Effect of TLR3 on WNV infection and IFN induction in primary fibroblasts, dendritic cells, and macrophages. MEFs (A), BM-DC (D), and BM-Mφ (G) generated from wild-type or TLR3^−/− mice were infected with WNV, and virus production was evaluated at the indicated times postinfection by plaque assay. IFN-α and β levels were quantified by a capture ELISA from the supernatants of WNV-infected MEFs (B and C) and BM-DC (E and F). Values are an average of quadruplicate samples generated from at least three independent experiments.

FIG. 7.

Role of TLR3 on WNV infection and IFN production in primary cortical neurons. (A) Primary cortical neurons generated from wild-type or TLR3^−/− mice were infected at an MOI of 0.001, and virus production was evaluated at the indicated times by plaque assay. (B and C) The production of IFN-α (B) and IFN-β (C) proteins by WNV-infected cortical neurons was analyzed by ELISA. Values are an average of triplicate samples generated from three independent experiments. Asterisks indicate values that are statistically significant (*, P < 0.05; **, P < 0.005; ***, P < 0.0001).

FIG. 8.

TLR3 controls viral replication in the CNS after i.c. WNV infection.
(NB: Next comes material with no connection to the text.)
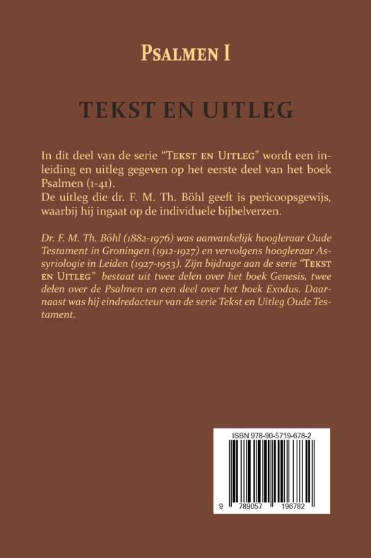 Dr. F. M. Th. Böhl (1882-1976) was aanvankelijk hoogleraar Oude Testament in Groningen (1912-1927) en vervolgens hoogleraar Assyriologie in Leiden (1927-1953). Zijn bijdrage aan de serie “Tekst en Uitleg” bestaat uit twee delen over het boek Genesis, twee delen over de Psalmen en een deel over het boek Exodus. Daarnaast was hij eindredacteur van de serie Tekst en Uitleg Oude Testament.

Wild-type or TLR3^−/− mice were inoculated with 10¹ PFU of WNV by i.c. inoculation. Brains (A) and spinal cord (B)s were harvested at the indicated time points, and the virus titers were determined as described in Fig. 2 (*, P < 0.05; ***, P < 0.0001).

FIG. 9.

TLR3 controls WNV replication in the CNS by restricting infection of neurons. (A to C) Brains sections from wild-type and TLR3^−/− mice that were infected i.c. with WNV were costained for WNV antigen (red), the nuclear stain TO-PRO3 (blue) and the neuronal marker MAP-2 (green) (A), the astrocyte-specific marker GFAP (green) (B), or the microglial/macrophage cell-specific marker CD11b (green) (C). White arrows indicate double-positive cells. The data are representative of sections from at least five wild-type or TLR3^−/− mice.